They live in non-territorial groups of up to 20 individuals. Their gregarious nature enables them to
remain vigilant against predators. With excellent eyesight, they can spot an enemy from one kilometre
away and they have a lifespan of up to 26 years. The gestation period lasts 15 months. The newborns
are about two metres tall, weighing approximately 100 kg.[1]
Giraffes are primarily found in the grasslands and open woodlands of East Africa. They are also
protected in certain reserves in southern Africa. The West African subspecies has confronted a
significant population decline and is now confined to a small range in Niger.[1] Traditionally, giraffes
have been classified as a single species, Giraffa camelopardalis, which is further divided into nine
subspecies (Figure 1). However, mitochondrial DNA studies have revealed genetic uniqueness in four
or even six groups, making each group distinct from the others, likely due to reproductive isolation.[4,5]
According to a survey, giraffe populations declined by 36 - 40% between 1985 and 2015 due to habitat
loss and illegal hunting.[4] Recently, the International Union for Conservation of Nature (IUCN)

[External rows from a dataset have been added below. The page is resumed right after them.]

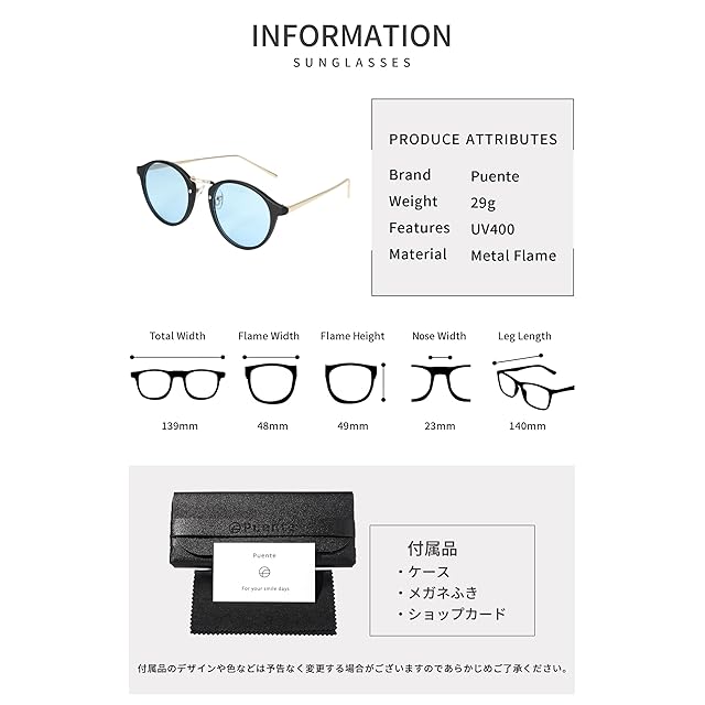 【商品サイズ】レンズ幅48mm/ブリッジ幅23mm/テンプル長さ140mm/フロント幅139mm/高さ49mm
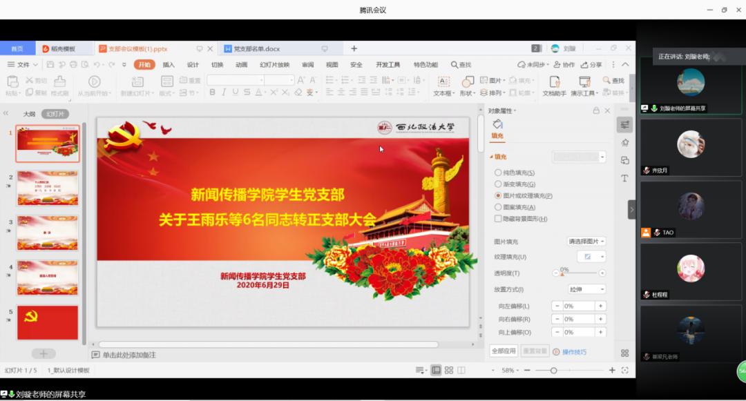 为进一步规范学院学生党员发展程序,强化学生党员模范带头作用,提升学生党员爱国意识,2020年6月29日13:00,包子漫画 学生党支部在“腾讯会议”召开预备党员转正会议,并开展微党课学习活动。学院党委副书记兼副院长秦音、全体辅导员、申请转正的预备党员和全体学生党员参与会议。
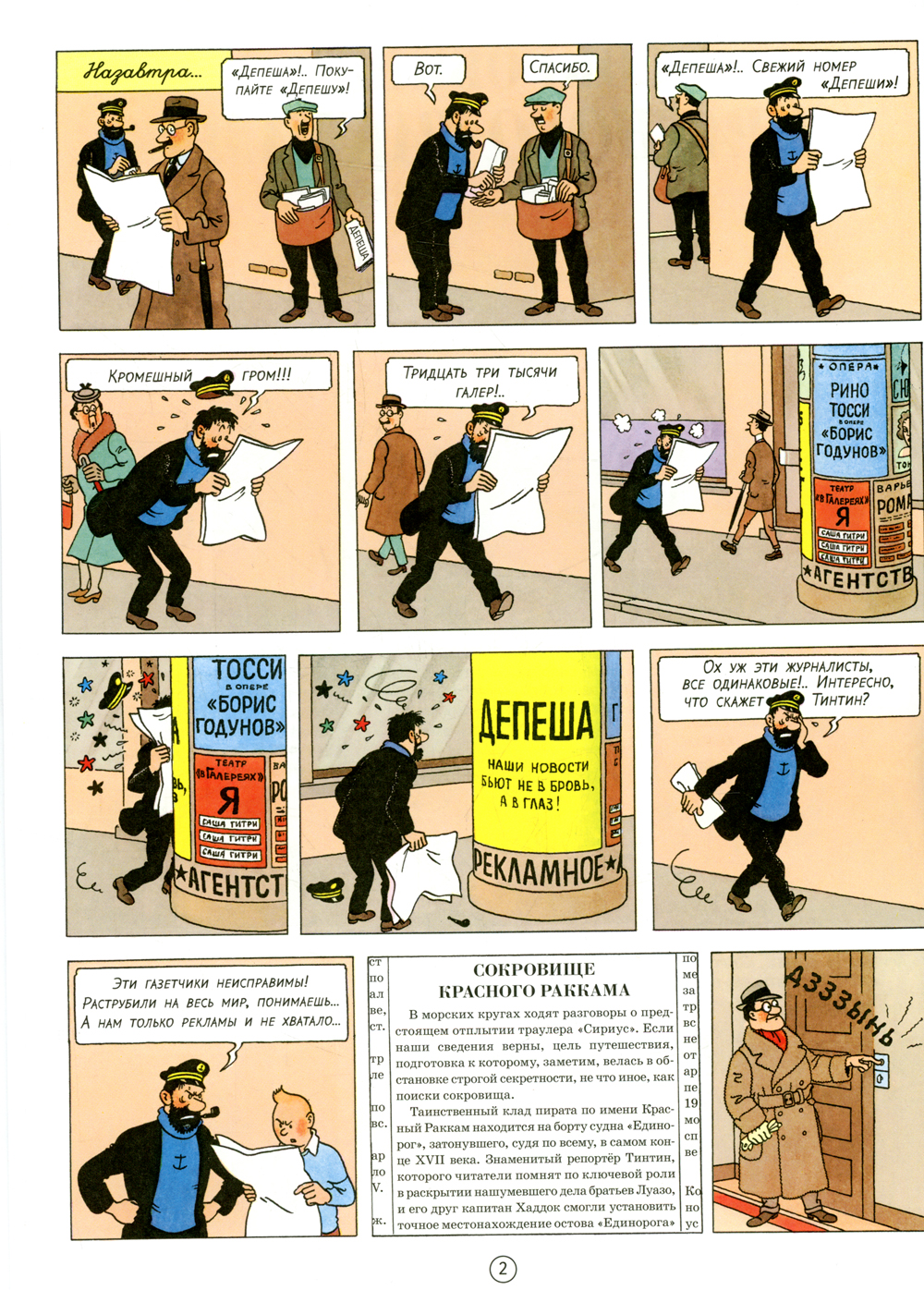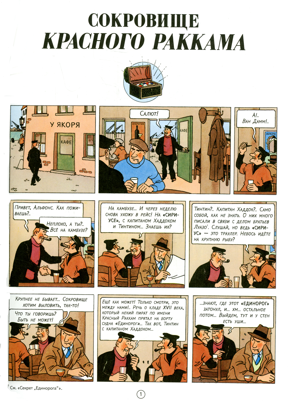 «Приключения Тинтина» - известная во всём мире серия комиксов бельгийского художника Жоржа Реми, работавшего под псевдонимом Эрже. Рискуя жизнью, отважный репортёр Тинтин расследует загадочные происшествия, но из любых передряг выходит победителем. И всегда рядом с ним его верный друг - белоснежный фокстерьер Милу. Тинтин и капитан Хаддок фрахтуют траулер «Сириус», чтобы отправиться на поиски несметных сокровищ грозного пирата по имени Красный Раккам. Похоже, драгоценности всё ещё находятся на борту фрегата «Единорог», затонувшего в конце XVII века вблизи маленького тропического острова. Тинтину удалось расшифровать старинные пергамента шевалье Франсуа де Аддока, предка капитана Хаддока, и установить точные координаты места, где произошло крушение. На борт «Сириуса» проникает чудаковатый профессор Трифон Турнесоль со своим новым изобретением - миниатюрной подводной лодкой. Туговатый на ухо профессор страшно раздражает капитана, но именно Турнесолю суждено сыграть в предстоящей экспедиции ключевую роль...
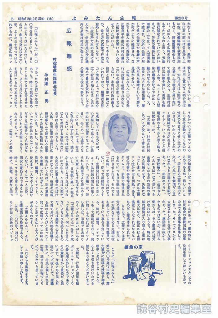 広報よみたん二〇〇号発行に投稿を依頼され改めて二〇年の歳月が恋しくてならない。市町村行政は最も住民と接触する第一線だといわれており、編集者の努力と情熱によって村行政を広く村民に知らせると共に極めて貴重な資料として村の繁栄に役立つ事だろう。
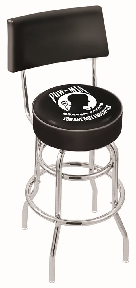 Show your support for our troops with the stylish and durable POW/MIA 30-Inch Swivel Bar Stool. Designed for comfort and built to last, this bar stool features a retro design with a cushioned back, a 5-inch thick seat cushion, and a sturdy double-ring chrome base. The high-resolution logo is applied using a state-of-the-art UV vinyl ink process, ensuring a sharp and clear image that won’t fade over time. Crafted with commercial-grade materials, this stool is perfect for completing your bar, game room, or man cave in style.
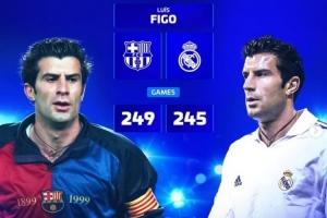 菲戈:巴萨249场、皇马245场
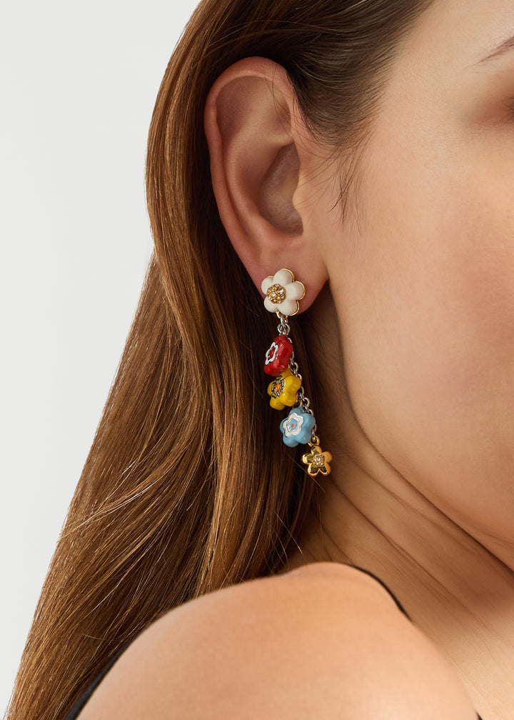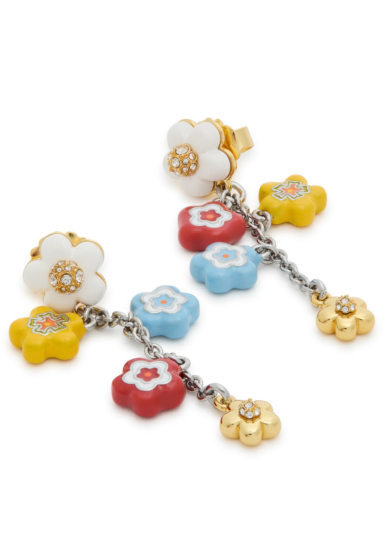 These drop earrings are crafted from a proprietary metal blend with a crystal-embellished flower chain design. The total drop length is 4.5cm, and they are secured with a butterfly-fastening. They are presented in a designer-stamped box.

classified the species as "vulnerable."[5]
The long neck of the giraffe: A case study in evolution
The long neck of the giraffe is often cited as an example supporting both Lamarckian and Darwinian
concepts of evolution.[6]
Lamarckian theory and explanations
According to Lamarck, giraffes inhabited environments where surface vegetation was insufficient to
sustain large populations. Over generations, they stretched their necks to feed on foliage from taller
Figure 1. Giraffa camelopardalis: This giraffe subspecies inhabits the grasslands of South Africa. In the image on the right,
the giraffe's neck is held upright, while in the image on the left, the neck is positioned at shoulder level.
trees. This repeated stretching became a habit, and over time, the elongated neck developed as an
acquired trait, which was then inherited by subsequent generations. Lamarck's theory suggests that
acquired characteristics become heritable. This is known as the theory of the inheritance of acquired
characteristics. A supplementary proposition to this is the theory of use and disuse, which states that the
evolutionary development of an organ depends on its use. With constant use, an organ becomes more
developed, whereas disuse leads to its degeneration or even disappearance; often cited examples being
the vestigial organs. In the case of the giraffe, the argument was that neck elongation occurred because
of its constant use.[6]
Darwinian theory of natural selection with explanations
According to Darwin, nature poses several challenges to organisms in the form of harsh climatic
conditions, food scarcity, and natural disasters such as floods and droughts. In such situations, traits that
enable organisms to survive these challenges better than others in the same environment are said to be
selected by nature. Thus, nature favours traits that are better suited to overcome environmental
challenges, and this process is referred to as natural selection.[6]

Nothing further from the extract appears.